I think it also applies to physicians, we need to make the right thing, the easy thing to do for physicians and health systems in terms of how they can deliver on value. So that value isn't just a matter of ticking off some boxes. But value is really kind of a completely different mindset for being evaluated on the outcomes our patients against the costs of the care and ensuring their patient engagement and access to care. So, I think we need to make those tools for everyone to be successful. We need to make tools for for clinicians, for patients, because they are a critical, absolutely critical part of this whole narrative, as we talked about in the whole journey. patients and clinicians need to co-produce, need to work together, and payers as well.

Q: Has the pandemic changed your views of American healthcare, its strengths or its weaknesses?
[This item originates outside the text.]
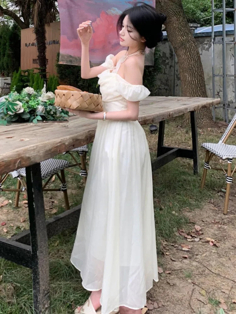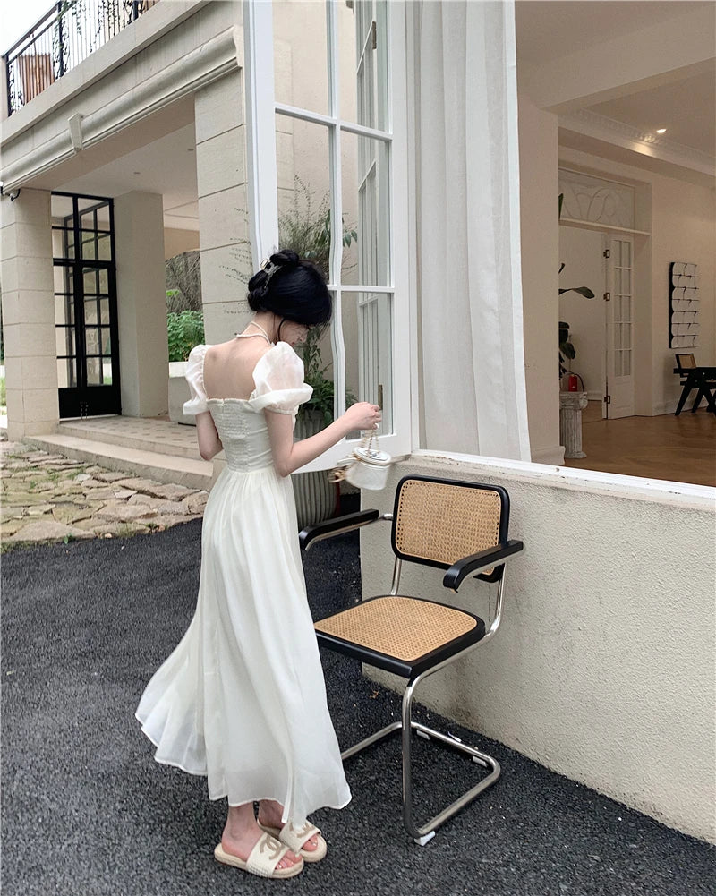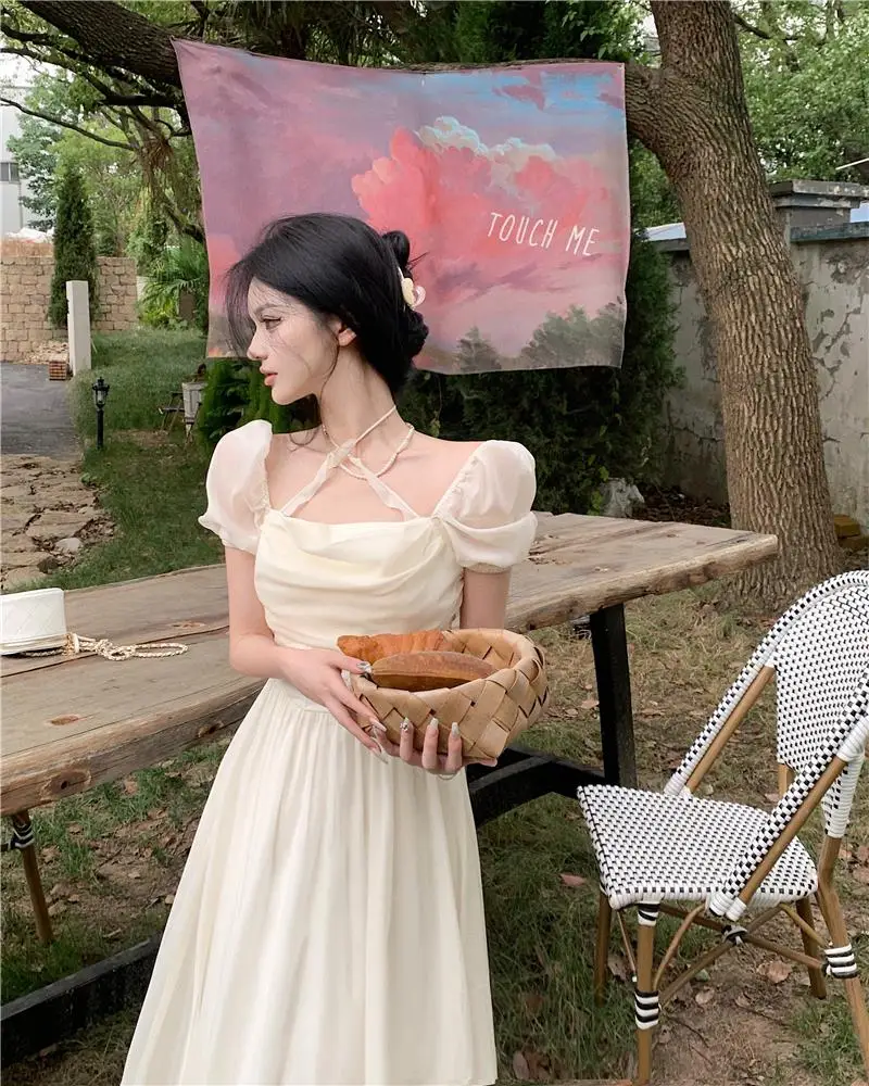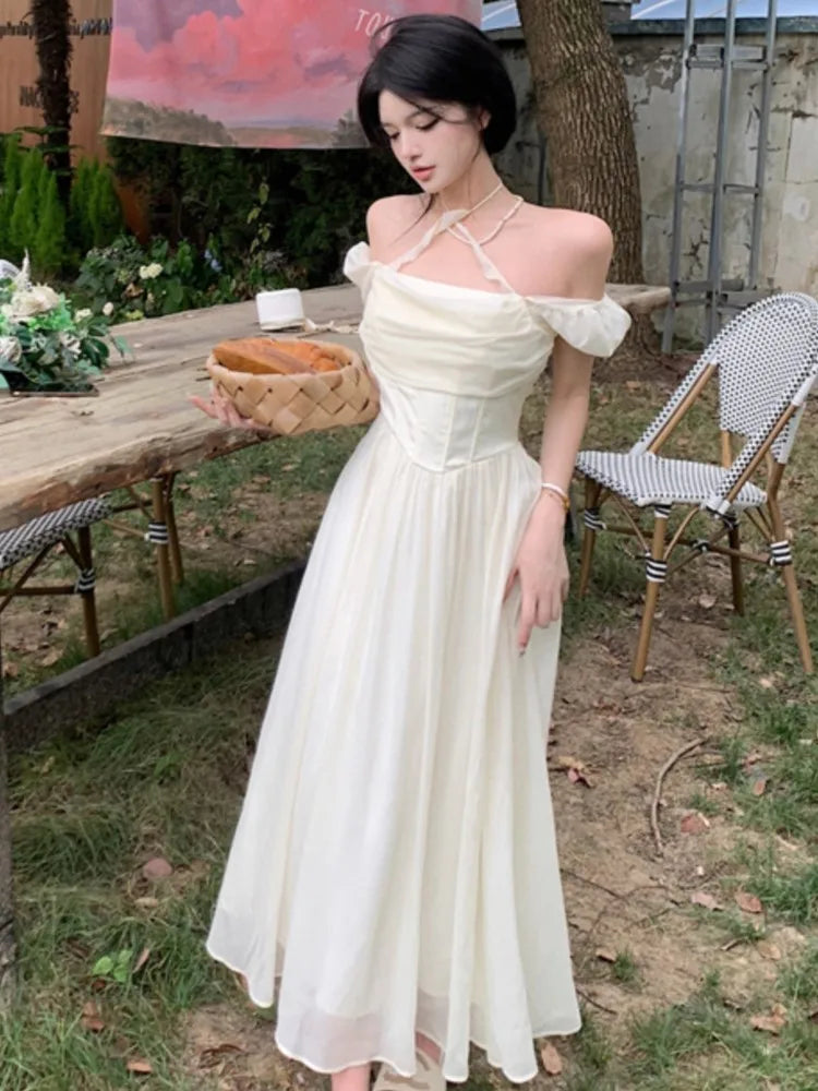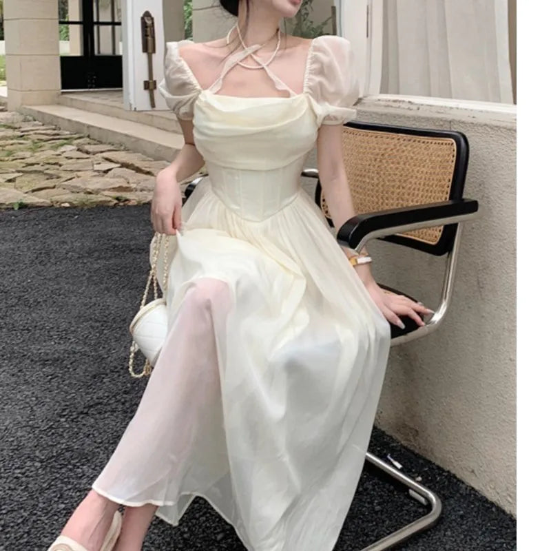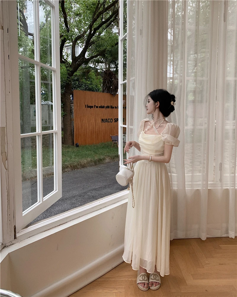 KYLETHOMASW - Summer Women Halter Midi Dress Elegant Female Chiffon Square Neck Party One Pieces Dresses French Solid New Vestidos Robe

Is perhaps another fundamental flaw the emphasis on healthcare, be it fee-for-service or value-base, and an underinvestment in public health.

A: I'm sure most people feel that conclusion is we've definitely under-invested in public health, there have been a number of studies that have looked at the decline of investment in public health in this country and compared us also with other developed nations around the world. So there's no question that we've been under invested.

It's not just about the investment. It's also about the coordination between public health authorities at the local level, local county level, at the state level, and at the federal level. I think we've seen a lot of that disconnect play out during the pandemic, and the need to create more collaborative models of communication and data and data sharing.

I think those are really important. I think the crisis has further reinforced some of these key principles. For example, it's really critical that people are able to co-produce their own health, outside of the four walls of their hospitals and clinics, that they have the tools to do so. In many cases, digital tools can really accelerate that.

Whether it's sensors and home monitoring devices, or self testing, for example, we saw that with COVID testing, people could just do the swabs themselves. Or enabling them to have the information about what what things that they ate might affect their blood sugar's the most or contribute to their weight gains the most that might be different from other people, everybody's metabolism is a little bit different.

So how do we enable people to manage their own health in a proactive way? That's really an a personalized experience. How do we give the right tools to the clinicians and to the payers, that they can support that so that they will either cover the costs of the telehealth or the sensors and devices that are necessary? Or if they're the case of the clinician, how do they actually work together with the patient in that kind of relationship that's very different from just relying on them coming into the clinic 10 or 20 minutes, six months, every year.

So it does require kind of a change in how we need to think about healthcare and also how we need to pay for health care. But I think if anything, the pandemic has shown that. I called the book The Long Fix because it was written before COVID. Now, I guess I would say, it's definitely going to be a quicker fix it has to be, because I think we all see the urgency of it, whether it's from a public health perspective, or primary care and preventative care and beyond.